DNA was extracted from cytology samples fixed in SurePath fixative and corresponding tissues manually microdissected from unstained 10 μm-thick FFPE tissue sections. DNA was extracted using the Qiagen DNeasy kit. The Accel-Amplicon Comprehensive TP53 Panel (Swift Biosciences), which covers the full-length coding region of the TP53 gene, was used for library preparation, following the manufacturers’ instructions, with 10 ng of qPCR-quantified DNA as input. Paired-end sequencing (150 bp) of pooled libraries (4nM) was performed using the MiSeq (Illumina) using v2 chemistry, targeting an average coverage of 5000X for a lower limit of detection of 1%. Bioinformatics analysis was performed using an automated pipeline developed specifically for this assay (Genialis, Inc).

RESULTS

Specimen Characteristics

Fimbrial brushings were collected from fresh salpingectomy specimens from 15 patients, 7 of which had either a known history of HGSC or a clinically-suspected malignant ovarian neoplasm at the time of surgery (Table 1). All 20 brush samples were taken from tubal fimbriae grossly uninvolved by tumor. The 7 cases of suspected ovarian malignancy were confirmed by histology to be HGSC (n = 5) and metastatic mucinous carcinoma (n = 2).

Table 1:

Summary of cytologic and histologic findings

Case ID	MAIN DIAGNOSIS	FALLOPIAN TUBE FINDINGS
		Laterality	Brush Cytology	Tissue Diagnosis
1	Endometrial hyperplasia	Left	Benign	Neg
2	Endometrial carcinoma	Left	Benign	Neg
		Right	Benign	Neg
3	Ovarian serous cystadenofibromas	Right	Benign, mild atypia	Neg
4	Ovarian serous cystadenomas	#1	Benign	Neg
		#2	Benign	Neg
5	Endometrial carcinoma (serous)	Left	Atypical cells present	Neg (reactive)
		Right	Atypical cells present	Neg (reactive)
6	Ovarian APST (left)	Left	Benign	Neg
7	Ovarian fibroma (left)	Left	Benign	Neg
8	Ovarian fibroma (right)	Right	Benign	Neg
9	Metastatic mucinous carcinoma		Benign, reactive atypia	Neg (reactive)
10	Metastatic mucinous carcinoma		Benign, reactive atypia	Neg (reactive)
11	Ovarian HGSC, bilateral*	Right	Malignant cells	HGSC (serosal)
12	Ovarian HGSC (post-chemo)	Left	Malignant cells	HGSC (mucosal)
		Right	Neg	Neg
13	Ovarian HGSC, bilateral	Left	Malignant cells	STIC/HGSC
		Right	Malignant cells	HGSC (serosal)
14	Ovarian HGSC –postchemo	Left	Neg	Neg
15	Ovarian HGSC	Left	Malignant cells	STIC

^*Brush sampling performed only on right fallopian tube, as left tube was grossly involved by tumor.

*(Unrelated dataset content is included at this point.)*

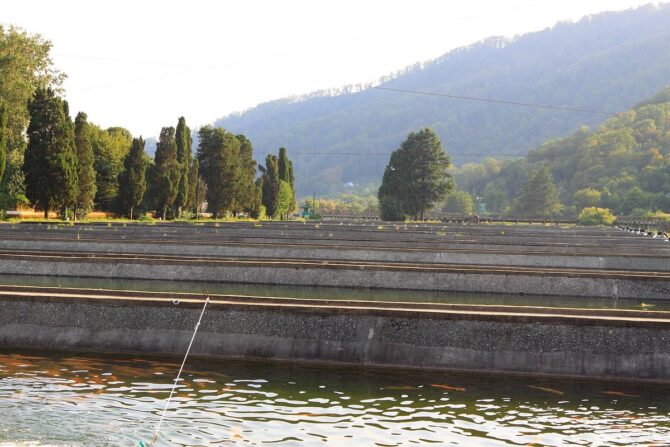 Тем, кто не представляет отдых без рыбалки, будет полезно посетить это форелевое хозяйство Адлера. Находится оно в 10-15 минутах езды от аэропорта Адлера. В форелевом хозяйстве можно не только полюбоваться плещущимися в воде рыбками. Во время экскурсии можно половить форель и съесть жареную форель. А мастер-класс по приготовлению форели сделает экскурсию еще более увлекательной.

Cytologic preparations of the specimens showed variable cellularity. Highly cellular samples were typically associated with a granular background with abundant naked nuclei, likely a result of cell lysis from over-vigorous brushing. For all cases, review of H&E-stained fallopian tube tissue sections confirmed the presence of intact epithelium, indicating that the brushing method did not interfere with routine histologic diagnosis.

Cytomorphologic Features

Specimens were comprised of a mixture of cells morphologically compatible with ciliated and non-ciliated (secretory) tubal epithelial cells, mesothelial cells and lymphocytes in variable proportions. Cells were distributed in small clusters, large groups and single cells. Normal tubal epithelial cells were typically cuboidal to tall columnar, with round or oval nuclei showing finely dispersed chromatin, and round small nucleoli (Figure 2A–C). It was not uncommon to find clusters of cells with enlarged nuclei and small, but prominent, cherry-red nucleoli - features interpreted as reactive atypia - in specimens from patients without ovarian malignancy (Figure 3A,B).

Figure 2:

Tubal brushings from benign fallopian tubes. A. Tissue fragment containing crowded cells with round-to-oval shaped nuclei, regular nuclear contours, and bland chromatin. While cilia are not detected, the fragment appears to contain a terminal bar (left side of field). B. Fragment of ciliated cells with minimal cytoplasm and a mild amount of nuclear border irregularities and anisonucleosis. The chromatin is bland and contains a few small chromocenters. C. A loosely-cohesive fragment of ciliated cells with similar nuclear characteristics as seen in A and B. Several cells have a columnar shape. (A-C. 60X).

Figure 3:

Tubal epithelial cells with reactive atypia. A. Fimbrial brushing specimen showing a group of cells with crowded, monotonous, round nuclei with small prominent nucleoli. Note scattered “stretched-out” nuclei, likely derived from “intercalated cells” (60X). B. Histologic section of the same case of an area showing similar cytologic features (60X).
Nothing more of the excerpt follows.